Il aurait sans doute fallu plus d’ambition et plus d’intelligence pour que Messiah puisse devenir une interrogation pertinente sur le besoin de croyance chez l’être humain. En l’état, cette série aux allures de thriller politique reste très agréable à suivre.
Il y avait une époque où la sagesse commune recommandait d’éviter à tout prix toute histoire dans laquelle Jésus apparaîtrait comme personnage : cette recommandation n’était pas (enfin, pas seulement…) dirigée contre la Bible, mais pointait avec lucidité la facilité que représentait l’utilisation d’un personnage du genre pour attirer le chaland et justifier à peu près n’importe quoi dans la fiction… Une recommandation bien oubliée, malheureusement, à notre époque où le sujet « religieux » est revenu en force dans nombre de sociétés…

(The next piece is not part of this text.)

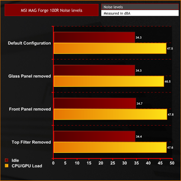 Since the Forge 100R is equipped with this open mesh front panel, noise levels follow a similar pattern to thermal performance. Whether the case is in its default configuration, or with panels removed the noise levels remained consistent, so there is no real benefit of changing the configuration of the case from its default setup.

Si l’on s’arrête malgré tout sur Messiah, la série de Michael Petroni, qui prétend nous narrer ni plus ni moins que le retour du « fils de Dieu » à notre époque à la fois froidement pragmatique (ici le point de vue de la CIA ou du Mossad…) et désespérément avide de foi (ici à peu près tout le reste des personnages…), c’est que l’inscription de « l’intervention divine » – passablement incohérente et obscure, comme il se doit – se fait au milieu de la poudrière du Moyen-Orient, puis, dans la seconde partie de la saison, dans l’Amérique hystérique de Dieu. De quoi, espère-t-on, jeter une lumière différente sur les terroristes islamistes comme sur les évangélistes télévisuels…

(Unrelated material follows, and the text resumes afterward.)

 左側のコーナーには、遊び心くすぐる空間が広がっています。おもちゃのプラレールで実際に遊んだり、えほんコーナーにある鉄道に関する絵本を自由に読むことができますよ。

Et force est de reconnaître, avec un démarrage assez bluffant des premiers épisodes, que le pari est excitant : confronter l’entêtement des faits (qui dévoilent une pure et simple manipulation) au besoin de croyance (qui fait que chaque acte du Messie, aussi confus soit-il, peut être interprété comme preuve de sa divinité) est un sujet qui interpelle forcément, que l’on soit croyant ou au contraire furieusement athée. Sauf que pour que cela fonctionne, il faudrait plus d’ambition, et sans doute plus d’intelligence que celles que manifestent ici Michael Petroni et ses scénaristes : on n’échappera jamais aux pires lieux communs, et on ne ressentira jamais réellement un questionnement qui dépasse le cadre du simple thriller politique / d’espionnage.

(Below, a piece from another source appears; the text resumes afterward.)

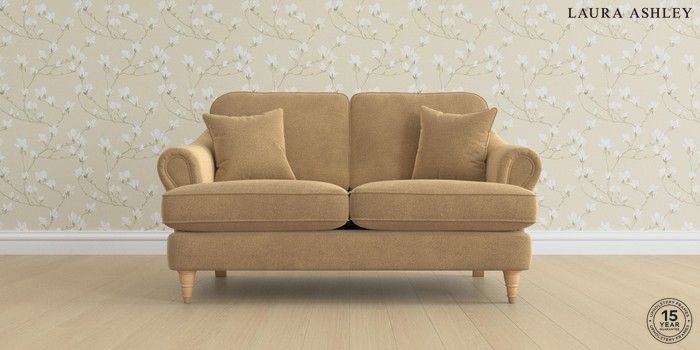 7.0.3 Buy Ambersham by Laura Ashley 2 Seater Small Sofa Lundar Chenille Caramel Natural Low Turned - Light Oak from the Next UK online shop Click here to use our accessible website

Car, bien entendu, l’objectif de « Messiah » est avant tout de récupérer les téléspectateurs ayant déserté Homeland, en leur refilant la même soupe faite d’agente de la CIA légèrement problématique (Michelle Monaghan remplaçant donc Claire Danes, avec beaucoup moins d’expressivité), de conspirations politiques au sommet du pouvoir américain, d’attentats à la bombe, de coucheries injustifiées et peu justifiables, etc. Si l’on ajoute un certain nombre d’intrigues centrées sur des personnages secondaires guère palpitants, et soulevant des « sujets » qui n’en sont que pour l’Américain moyen (peut-on faire avorter sa fille teenager si l’on croit en Dieu ? le genre…), notre enthousiasme est vite douché… jusqu’à, comme il se doit, une conclusion qui ne manque pas d’énergie : la « raison » politique et la logique rationnelle l’emportent finalement, sauf que… coup de théâtre final, que nous en révélerons pas ici !
On aurait bien vu la série se terminer ainsi, suspendue, et se passer d’une seconde saison, dont on ne voit pas très bien ce qu’elle pourrait apporter, sauf plus de la même chose. Pourtant, il est difficile de condamner complètement ce Messiah, d’abord parce qu’il nous aura quand même réservé quelques jolis moments dans sa première et sa dernière partie, et ensuite parce qu’il est régulièrement sauvé par la présence étonnamment magnétique de Mehdi Dehbi, qui constitue sans aucun doute la meilleure raison de le regarder.